# Work request
Retype the listing below exactly, pictures removed.

# Dataset excerpt
--- START ---

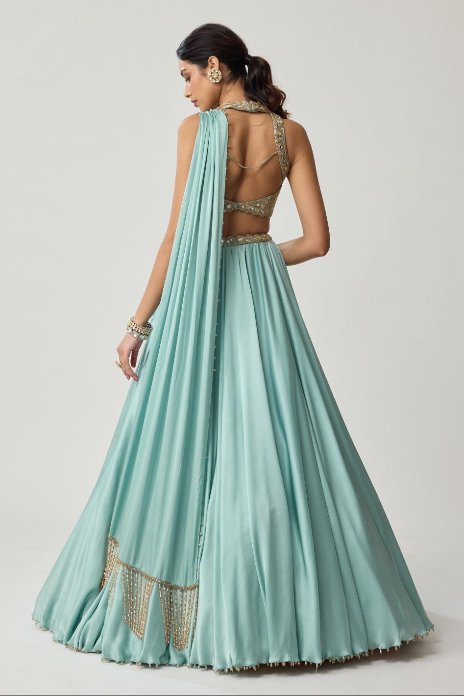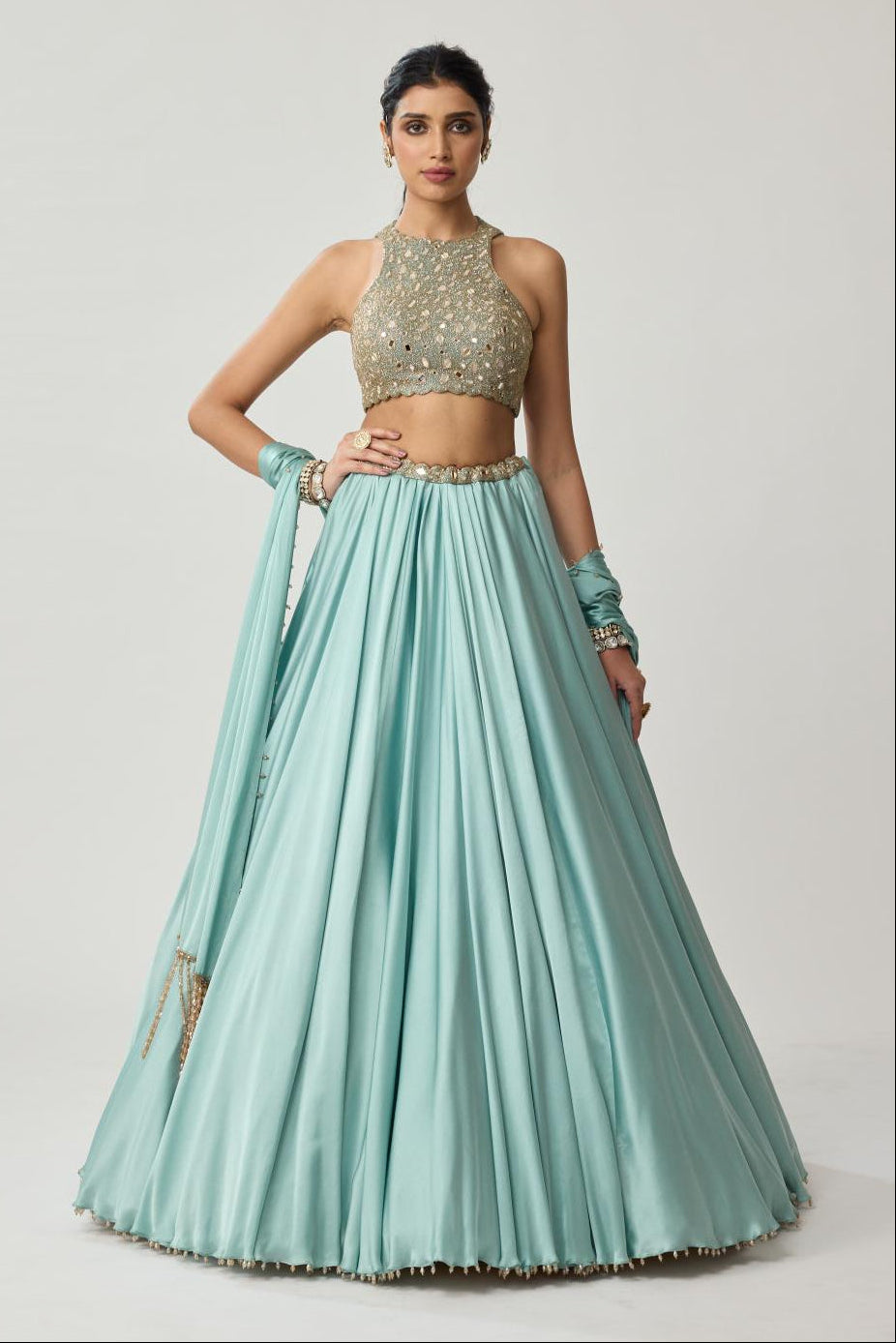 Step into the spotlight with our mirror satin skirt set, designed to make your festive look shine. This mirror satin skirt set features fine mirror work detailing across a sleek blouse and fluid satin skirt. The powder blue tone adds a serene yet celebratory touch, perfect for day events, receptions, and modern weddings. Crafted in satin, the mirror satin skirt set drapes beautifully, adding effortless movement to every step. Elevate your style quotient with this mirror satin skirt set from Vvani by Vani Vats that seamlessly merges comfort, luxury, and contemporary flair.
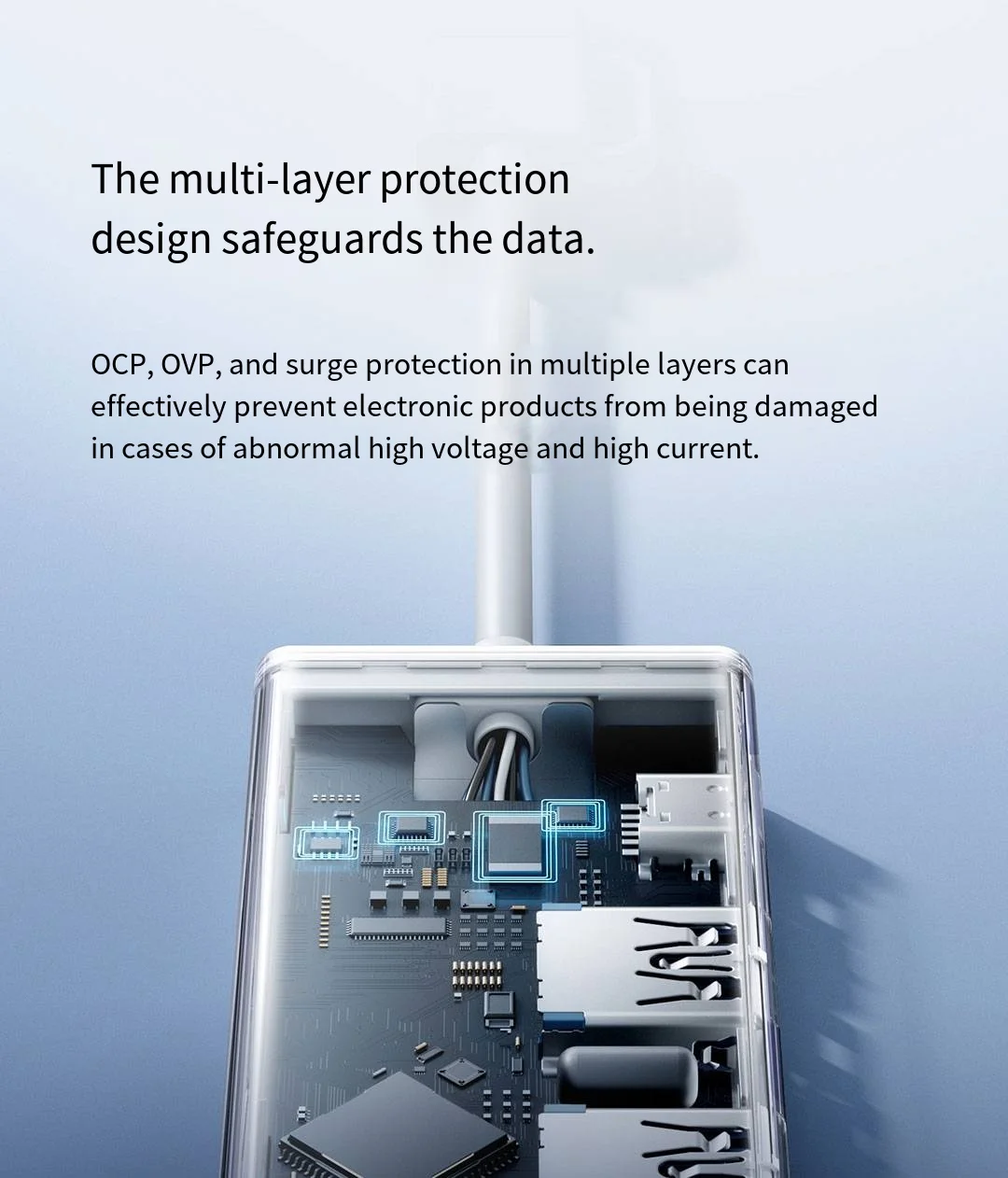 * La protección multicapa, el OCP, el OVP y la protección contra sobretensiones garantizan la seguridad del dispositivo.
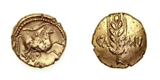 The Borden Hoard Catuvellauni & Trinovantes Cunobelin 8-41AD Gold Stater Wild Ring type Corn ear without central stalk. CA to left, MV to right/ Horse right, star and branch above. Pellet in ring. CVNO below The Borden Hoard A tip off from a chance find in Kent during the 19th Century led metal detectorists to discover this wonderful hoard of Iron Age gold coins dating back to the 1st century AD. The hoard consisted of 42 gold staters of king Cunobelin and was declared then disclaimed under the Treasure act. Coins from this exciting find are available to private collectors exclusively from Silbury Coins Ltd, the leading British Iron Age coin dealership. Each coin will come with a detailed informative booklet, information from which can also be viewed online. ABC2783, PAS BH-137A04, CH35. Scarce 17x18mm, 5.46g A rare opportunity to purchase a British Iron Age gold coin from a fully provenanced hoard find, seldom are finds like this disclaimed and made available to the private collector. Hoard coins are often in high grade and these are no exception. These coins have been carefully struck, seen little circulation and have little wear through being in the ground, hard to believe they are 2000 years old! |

--- END ---

# Task solution
 Step into the spotlight with our mirror satin skirt set, designed to make your festive look shine. This mirror satin skirt set features fine mirror work detailing across a sleek blouse and fluid satin skirt. The powder blue tone adds a serene yet celebratory touch, perfect for day events, receptions, and modern weddings. Crafted in satin, the mirror satin skirt set drapes beautifully, adding effortless movement to every step. Elevate your style quotient with this mirror satin skirt set from Vvani by Vani Vats that seamlessly merges comfort, luxury, and contemporary flair.
 * La protección multicapa, el OCP, el OVP y la protección contra sobretensiones garantizan la seguridad del dispositivo.
 The Borden Hoard Catuvellauni & Trinovantes Cunobelin 8-41AD Gold Stater Wild Ring type Corn ear without central stalk. CA to left, MV to right/ Horse right, star and branch above. Pellet in ring. CVNO below The Borden Hoard A tip off from a chance find in Kent during the 19th Century led metal detectorists to discover this wonderful hoard of Iron Age gold coins dating back to the 1st century AD. The hoard consisted of 42 gold staters of king Cunobelin and was declared then disclaimed under the Treasure act. Coins from this exciting find are available to private collectors exclusively from Silbury Coins Ltd, the leading British Iron Age coin dealership. Each coin will come with a detailed informative booklet, information from which can also be viewed online. ABC2783, PAS BH-137A04, CH35. Scarce 17x18mm, 5.46g A rare opportunity to purchase a British Iron Age gold coin from a fully provenanced hoard find, seldom are finds like this disclaimed and made available to the private collector. Hoard coins are often in high grade and these are no exception. These coins have been carefully struck, seen little circulation and have little wear through being in the ground, hard to believe they are 2000 years old! |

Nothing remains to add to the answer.